## PROBLEM TO WORK ON
Pictures aside, reproduce exactly and only the lines from the one containing "沙盤區(qū)在優(yōu)" through the end of the records.

GIVEN DATA: Begin

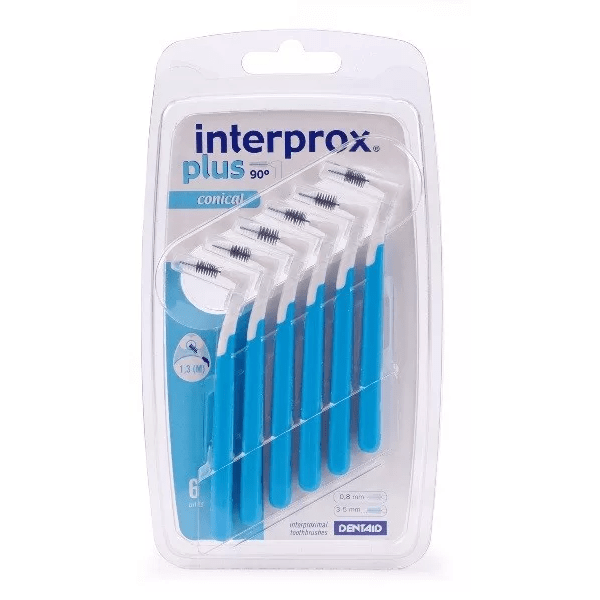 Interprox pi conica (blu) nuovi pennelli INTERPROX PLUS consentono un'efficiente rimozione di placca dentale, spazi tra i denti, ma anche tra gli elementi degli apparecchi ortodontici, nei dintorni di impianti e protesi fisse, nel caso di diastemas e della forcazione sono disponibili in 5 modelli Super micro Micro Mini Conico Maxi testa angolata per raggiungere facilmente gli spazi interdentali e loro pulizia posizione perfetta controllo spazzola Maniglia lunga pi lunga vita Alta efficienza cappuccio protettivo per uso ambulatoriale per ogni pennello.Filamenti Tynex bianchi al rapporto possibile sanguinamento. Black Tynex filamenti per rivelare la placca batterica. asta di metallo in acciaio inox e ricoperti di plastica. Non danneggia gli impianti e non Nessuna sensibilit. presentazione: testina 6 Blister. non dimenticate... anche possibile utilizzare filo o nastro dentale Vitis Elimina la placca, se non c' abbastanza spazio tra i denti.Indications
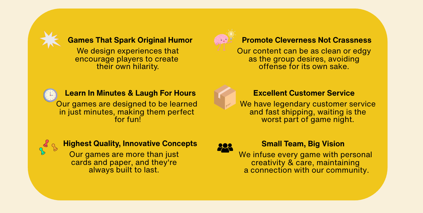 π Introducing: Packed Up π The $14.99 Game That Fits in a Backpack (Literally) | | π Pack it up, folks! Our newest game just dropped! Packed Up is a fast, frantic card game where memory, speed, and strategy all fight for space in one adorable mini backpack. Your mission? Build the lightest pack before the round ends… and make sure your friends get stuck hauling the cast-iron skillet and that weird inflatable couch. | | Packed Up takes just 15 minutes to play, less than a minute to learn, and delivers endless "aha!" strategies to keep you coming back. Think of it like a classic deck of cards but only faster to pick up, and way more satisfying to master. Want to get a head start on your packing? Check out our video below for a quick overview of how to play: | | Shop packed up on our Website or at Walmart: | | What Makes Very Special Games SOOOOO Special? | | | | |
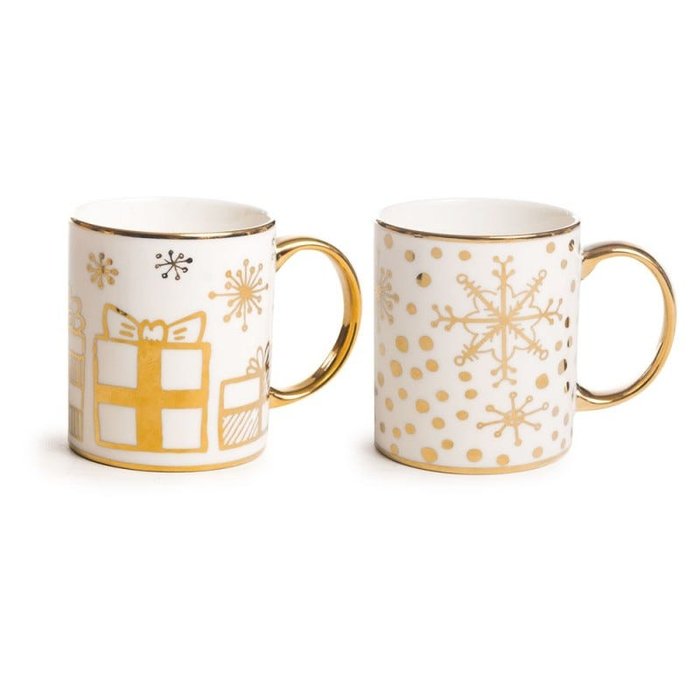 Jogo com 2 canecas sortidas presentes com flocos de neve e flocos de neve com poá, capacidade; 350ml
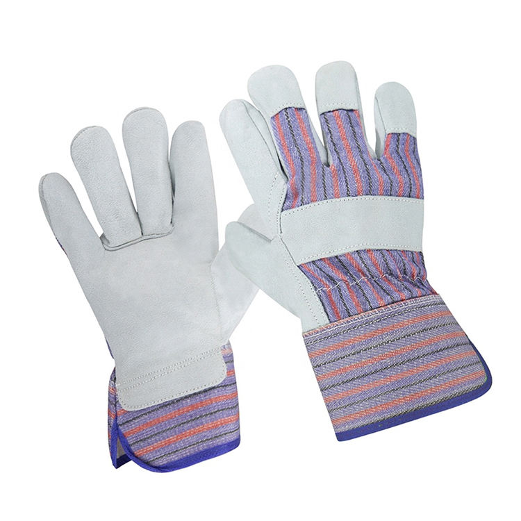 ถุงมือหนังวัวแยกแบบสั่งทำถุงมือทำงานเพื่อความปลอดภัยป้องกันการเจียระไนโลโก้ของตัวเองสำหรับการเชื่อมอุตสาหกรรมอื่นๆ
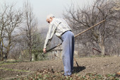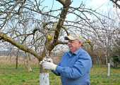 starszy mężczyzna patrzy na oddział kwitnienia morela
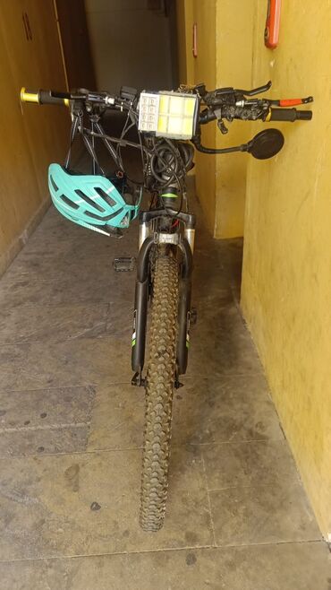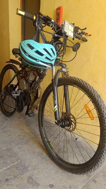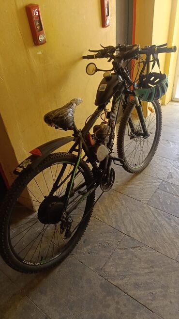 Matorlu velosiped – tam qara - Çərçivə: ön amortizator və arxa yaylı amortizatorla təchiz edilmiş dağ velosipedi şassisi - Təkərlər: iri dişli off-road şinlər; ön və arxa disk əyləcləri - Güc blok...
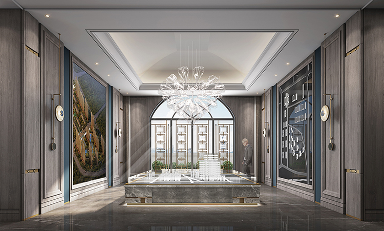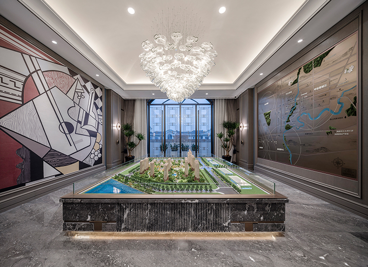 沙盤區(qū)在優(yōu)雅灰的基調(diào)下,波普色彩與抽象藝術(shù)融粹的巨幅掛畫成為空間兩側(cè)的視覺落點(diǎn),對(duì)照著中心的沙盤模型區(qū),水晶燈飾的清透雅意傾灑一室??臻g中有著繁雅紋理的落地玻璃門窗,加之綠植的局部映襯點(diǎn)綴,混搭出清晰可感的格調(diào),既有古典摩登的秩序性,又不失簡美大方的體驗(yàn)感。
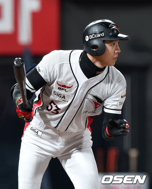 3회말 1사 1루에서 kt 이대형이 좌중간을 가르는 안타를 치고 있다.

GIVEN DATA: End

## TASK SOLUTION
 沙盤區(qū)在優(yōu)雅灰的基調(diào)下,波普色彩與抽象藝術(shù)融粹的巨幅掛畫成為空間兩側(cè)的視覺落點(diǎn),對(duì)照著中心的沙盤模型區(qū),水晶燈飾的清透雅意傾灑一室??臻g中有著繁雅紋理的落地玻璃門窗,加之綠植的局部映襯點(diǎn)綴,混搭出清晰可感的格調(diào),既有古典摩登的秩序性,又不失簡美大方的體驗(yàn)感。
 3회말 1사 1루에서 kt 이대형이 좌중간을 가르는 안타를 치고 있다.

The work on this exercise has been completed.